Am fairly experienced with NPT and am setting up a new tank.
Is fine silt an good substrate for aquatic plant growth?

We moved in the last two years and before the move I had a very successful NPT with yard dirt but that was Vermont dirt. Now I live in Maine. Since the move our yard dirt that is very silty. This soil is typical of the region and considered not very good for agriculture tho' it does support a decent lawn. Did a test on it using 1000 ml graduated cylinder and it settled out at 5% sand, 5% clay and 90% fine silt or something like that.
I used a very similar soil from similar location in a remarkably unsuccessful 20 gal NPT; the plants grew decently for about 6 months and then got slower and slower, and BBA started to take over. Turbidity was not a significant problem.

Am considering making a mix like 70% silt, 20% MG Organic Choice and and 10% sand for the new tank. (Will cap with gravel of course) Really want to get substrate right; awfully hard to modify once the tank is up and running!

What do you think? Thanks

Mary


----------



## nkambae (Nov 6, 2007)

Do you live on flood plain? Typically silty soils are found in flood plains, ancient lake beds, and the like. If so, your soil could already be 'mineralized' and could be fine as is. Or go ahead and amend it slightly with the soil and have a slightly longer lasting soil base. Either way you should be able to have a very nice npt.

I have used bagged topsoil, worm castings, mineralized soil, Red River Valley black dirt (read VERY fine, silty, and fertile), and forest dirt in my npt's and I have had good success with each of these sources of soil.
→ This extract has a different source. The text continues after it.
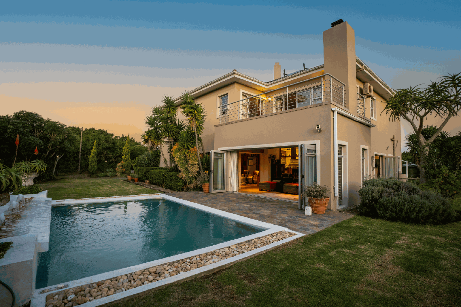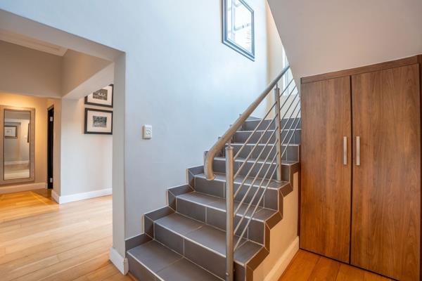 Downstairs is designed for effortless entertaining. An open-plan gourmet kitchen with gas hob and private scullery flows into the dining room and private lounge, divided by a double-sided gas fireplace. A built-in stainless steel braai completes the vibrant space, which opens onto a landscaped garden and sparkling pool with a magical water fountain. As dusk falls, the garden lights up via a day/night switch, creating a magical backdrop. The garden is a private haven, manicured and filled with birdlife and little roaming animals, such as tortoise.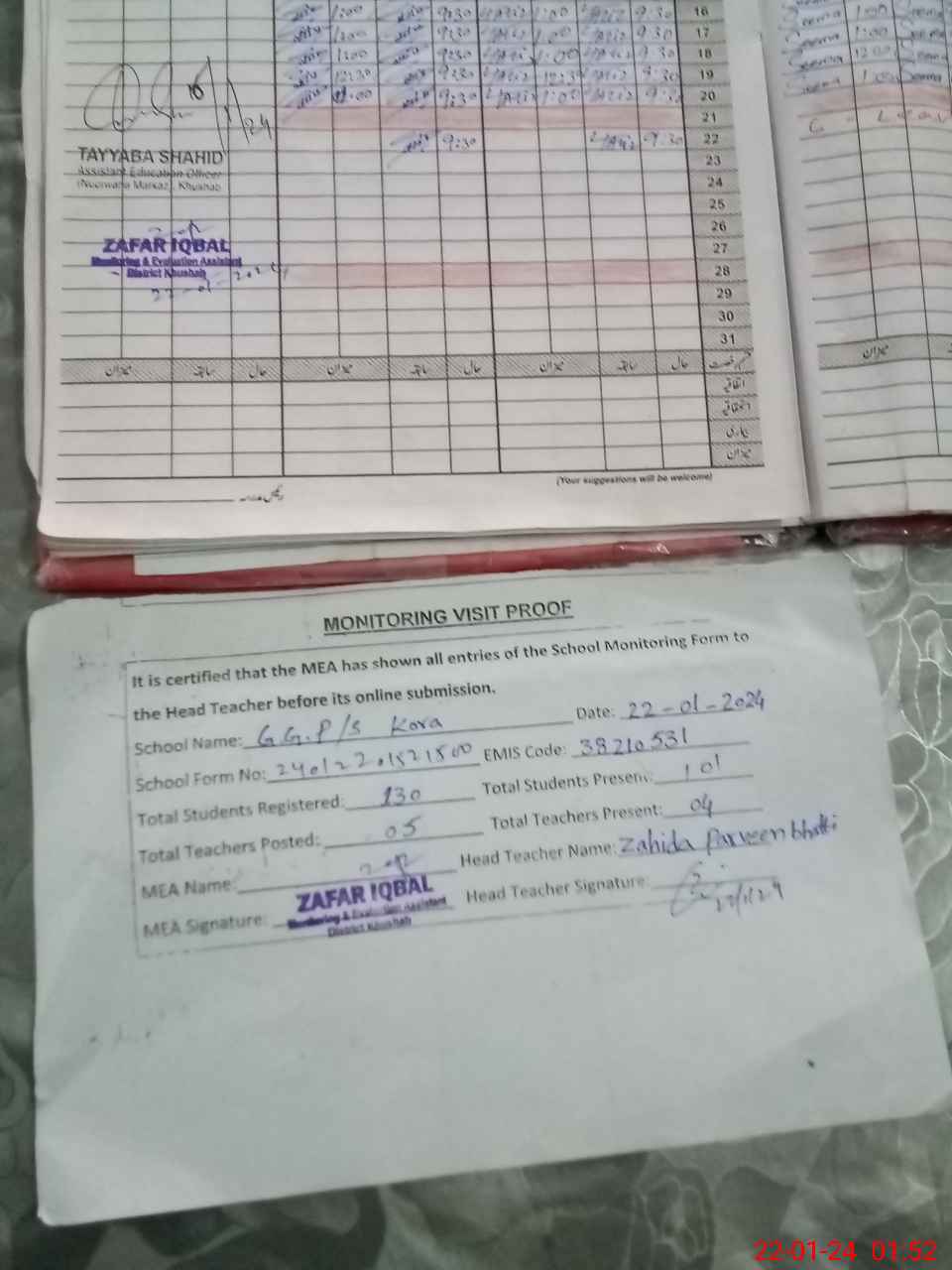| Attendance Register | Head Teacher | MEA with School | Visit Proof |

Hope this helps a bit and good luck.

stu


----------



## davemonkey (Mar 29, 2008)

Sounds good to me, but I might try to find some clay loam or other clay soil somewhere to mix in (for nutrient load and storage). That might give you longer life with it than the 6 months you had in the 20. I'm getting ready to redo a 10 gal for the same reason. The tank was doing GREAT for about 1 year...and then suddenly it's as though the system is completely devoid of nutrition...even with overfeeding the fish.


----------